Like the Knights, the Populists were on a crusade to eliminate sin. But their political ideas also “drew from the movement’s roots in native radicalism, in a secular rhetoric of ‘equal rights’ and ‘anti-monopoly.’” And the main weapon Populists aimed to use was political power—enough power to make sure that their policies were enacted through government legislation, regulation, and strict enforcement.
Like most historians, Trachtenberg traces the decline of the Populists to their fateful decision, in1896, to join with the Democrats in making William Jennings Bryan their joint candidate for president. Bryan ran three times for the top job and lost all three times. Today, on the left, he’s most remembered as the evangelical Christian zealot who decried the teaching of evolution in the 1924 Scopes trial. But the infamous trial came near the end of his long life.

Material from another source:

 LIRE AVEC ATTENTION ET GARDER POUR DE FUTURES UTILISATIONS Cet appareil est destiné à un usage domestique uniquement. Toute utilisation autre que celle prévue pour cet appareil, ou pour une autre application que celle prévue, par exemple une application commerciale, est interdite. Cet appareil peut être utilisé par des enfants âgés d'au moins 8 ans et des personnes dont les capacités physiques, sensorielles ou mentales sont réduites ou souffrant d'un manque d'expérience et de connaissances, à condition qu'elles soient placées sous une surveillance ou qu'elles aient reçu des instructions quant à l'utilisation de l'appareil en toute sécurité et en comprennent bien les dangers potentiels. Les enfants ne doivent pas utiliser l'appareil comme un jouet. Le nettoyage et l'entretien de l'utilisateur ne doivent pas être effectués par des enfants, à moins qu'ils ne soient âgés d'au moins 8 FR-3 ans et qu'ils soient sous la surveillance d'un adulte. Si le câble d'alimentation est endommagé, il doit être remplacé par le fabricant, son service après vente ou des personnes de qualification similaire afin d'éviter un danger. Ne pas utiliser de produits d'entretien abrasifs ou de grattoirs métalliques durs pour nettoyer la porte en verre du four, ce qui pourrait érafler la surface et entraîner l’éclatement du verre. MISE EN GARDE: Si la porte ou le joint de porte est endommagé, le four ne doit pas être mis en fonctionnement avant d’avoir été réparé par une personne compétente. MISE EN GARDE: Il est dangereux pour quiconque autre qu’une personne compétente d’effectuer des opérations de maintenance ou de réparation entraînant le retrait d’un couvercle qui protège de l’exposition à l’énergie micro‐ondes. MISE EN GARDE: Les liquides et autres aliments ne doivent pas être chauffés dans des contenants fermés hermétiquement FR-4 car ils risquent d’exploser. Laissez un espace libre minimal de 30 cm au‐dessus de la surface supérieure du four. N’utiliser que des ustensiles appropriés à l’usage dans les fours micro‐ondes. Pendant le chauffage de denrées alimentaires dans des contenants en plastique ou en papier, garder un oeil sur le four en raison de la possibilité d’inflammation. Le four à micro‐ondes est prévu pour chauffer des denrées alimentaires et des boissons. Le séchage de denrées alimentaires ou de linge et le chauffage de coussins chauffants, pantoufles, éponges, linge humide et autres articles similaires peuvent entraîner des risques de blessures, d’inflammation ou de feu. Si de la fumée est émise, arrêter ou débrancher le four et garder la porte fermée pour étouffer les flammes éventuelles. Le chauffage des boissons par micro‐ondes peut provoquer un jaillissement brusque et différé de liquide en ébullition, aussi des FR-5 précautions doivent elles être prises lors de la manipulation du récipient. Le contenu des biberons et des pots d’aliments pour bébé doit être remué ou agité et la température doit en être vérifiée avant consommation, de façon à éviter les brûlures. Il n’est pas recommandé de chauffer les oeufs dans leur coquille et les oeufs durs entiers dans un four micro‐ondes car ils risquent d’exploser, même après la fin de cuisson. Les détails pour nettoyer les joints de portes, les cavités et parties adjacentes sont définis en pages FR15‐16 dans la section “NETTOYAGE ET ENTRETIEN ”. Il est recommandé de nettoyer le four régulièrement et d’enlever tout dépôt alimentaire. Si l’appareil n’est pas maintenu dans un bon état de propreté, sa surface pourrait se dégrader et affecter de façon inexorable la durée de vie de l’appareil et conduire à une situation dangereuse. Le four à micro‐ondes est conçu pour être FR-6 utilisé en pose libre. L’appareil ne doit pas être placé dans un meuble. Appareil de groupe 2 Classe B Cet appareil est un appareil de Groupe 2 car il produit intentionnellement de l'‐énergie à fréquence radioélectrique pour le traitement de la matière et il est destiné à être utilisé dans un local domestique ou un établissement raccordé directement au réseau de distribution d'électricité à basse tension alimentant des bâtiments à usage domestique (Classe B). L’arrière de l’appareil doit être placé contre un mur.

For most of that life he, more than any other American, carried the banner of radical reform in the name of God. It’s worth reading the details in Michael Kazin’s recent biography of Bryan. Kazin, a leading authority on Populism and an important progressive intellectual in his own right, makes it clear that in the late 19th century, and on into the early 20th, millions of evangelical Protestants saw it as a religious duty to demand that a strong government right the economic wrongs of the corporate capitalist system. The left in that era could not have emerged as a significant force without the tremendous boost it got from evangelical faith.
All this history should be more than mere curiosity to us. The Knights of Labor, the Populists, and the Bryanites were in many ways the forerunner of today’s progressive left. Their fusion of evangelical Christianity and strong progressive government holds lessons for, and poses questions to, progressives today.

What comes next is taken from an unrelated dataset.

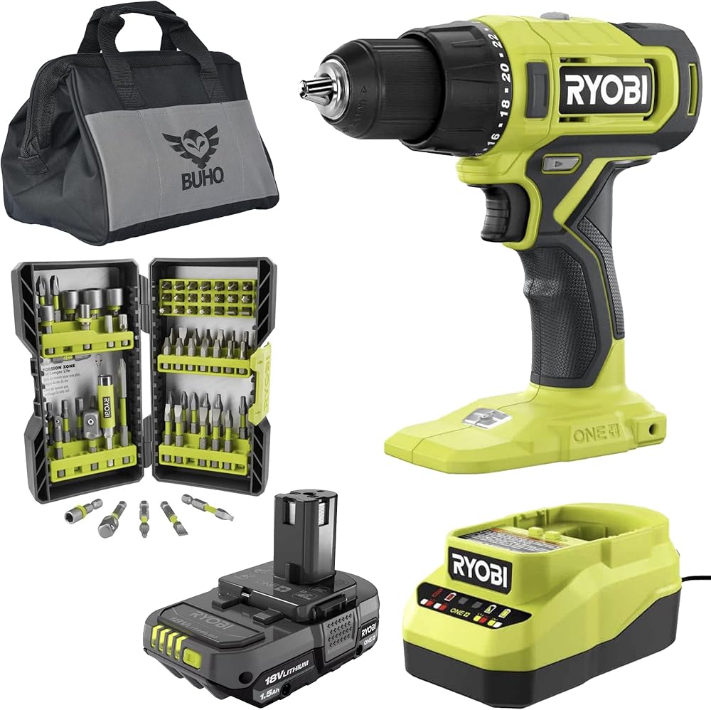 Cordless 1/2 inch Drill Driver Bundle - Includes Cordless 1/2 Drill Driver, 70 Piece Drill Bit Set, 18-Volt Lithium-ion Battery, Charger and Tool Bag

The Republican Party may or may not be cracking up. Cracks in the GOP alliance don’t necessarily mean any advantage for progressives, of course. But they are windows of opportunity, if the left knows how to take advantage of them. It’s all a question of strategy.
A smart first step for progressives is to do whatever we can to widen those cracks. It’s the religious right, long the progressive left’s favorite target, that is now the richest target of opportunity. Because politically progressive evangelical Christianity is not merely a relic of the 19th century. It’s making a comeback.
That presents left progressives with a challenge. In your struggle for justice, would you ally with people who share your commitment to greater economic equality but would like to see government ban abortion and gay marriage? Today the question may seem abstract and hypothetical. Soon enough it may become a very real issue of debate for progressive strategists, and there are bound to be good arguments on both sides.
However, everyone should be able to agree that at least progressives outside the evangelical community should begin talking to folks inside that circle who are open to hearing the progressive message. Evangelicals will have to filter the message through their own beliefs, which means phrasing it in a somewhat different language.
Smart progressives will start learning that language, figuring out how to communicate with evangelicals and discover common ground. Smart progressives will also learn how to remind evangelicals, gently but persuasively, of their own radical political history, which many may not know.
The main goal here should be to make the progressive tent wide enough to make room for evangelicals. Though we are far from the 19th century, evangelicals can now, as then, bring a unique kind of energy into progressive movements that can pay off. As a side benefit, moving evangelicals to the left will also widen the cracks in the shaky conservative alliance and hasten the day when it can no longer hold itself together.